Por Talula Mel, aluna do ano do Curso de Jornalismo da PUCSP

São Paulo, 23 de abril. Uma atividade no ECLA (Espaço Cultural Latino Americano), localizado na Rua da Abolição, centro da cidade, reúne cerca de cinquenta pessoas para discutir a desmilitarização da polícia e outras questões que se relacionam com a temática antiautoritária. Nem bem começa a apresentação do evento – organizado por uma pessoa influente no atual cenário político da esquerda – e um rapazhomem, aparentando quarenta e poucos anos, saca uma filmadora e se põe de pé, a fim de registrar todas as falas e seus interlocutores. Não haveria problema algum se todos ali já não estivessem desconfiados de que se tratava de um P2, ou seja, um policial disfarçado, infiltrado no ambiente. Logo embaixo do prédio, propositalmente, duas viaturas da polícia militar estavam estacionadas na rua.

O ano em que se passa tal relato poderia ter sido da década de sessenta ou setenta do século passado, na margem dos vinte e um anos que perduraram a ditadura civil-militar aqui instaurada. Mas não. A infiltração de um agente da polícia numa atividade antes considerada “subversiva” é realidade, ainda, cinquenta anos após o golpe que mudou os rumos da história do Brasil, interrompeu qualquer prerrogativa de progresso democrático e instalou, para além da duração do regime, alguns dispositivos cruciais na sociedade.

A lógica autoritária, do cidadão subserviente ao Estado, que teme mesmo quando nada deve ao ser parado por um policial na rua, é fruto dos anos em que a população foi legislada sobre a intervenção de um governo militar.

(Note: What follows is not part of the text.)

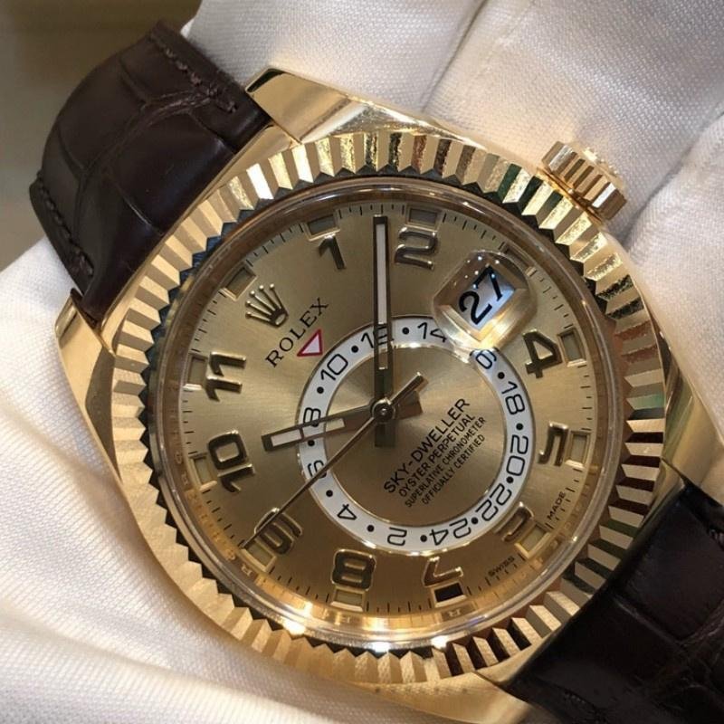 Replica Rolex Sky-Dweller 326138 Men’s Champagne Arabic Dial Yellow Gold 42mm

De acordo com o Fórum Brasileiro de Segurança Pública, que divulgou a última edição do Anuário Brasileiro de Segurança Pública em novembro de 2013, ao menos cinco mortes ocorrem todos os dias durante intervenções policiais no Brasil.

O embrutecimento das instituições da polícia, sobretudo a militar, ocorreu junto com a ideia de uma segurança pública pautada no combate ao inimigo interno, que teve seu início na “política de contenção ao comunismo” surgida nos Estados Unidos do pós-guerra. Segundo análise do historiador Marcos Napolitano, na apresentação de seu livro 1964 – História do Regime Militar Brasileiro, “a fronteira a ser defendida passaria a ser ideológica (e não mais geográfica) e o inimigo seria, primordialmente, um inimigo interno, que poderia ser qualquer cidadão simpatizante ou militante do comunismo”. A nova Doutrina de Segurança Nacional, então, instala-se no Brasil com o suporte militar internacional e o apoio do conservadorismo local, que prevê na instituição a manutenção dos históricos privilégios econômicos e das hierarquias sociais e ideológicas.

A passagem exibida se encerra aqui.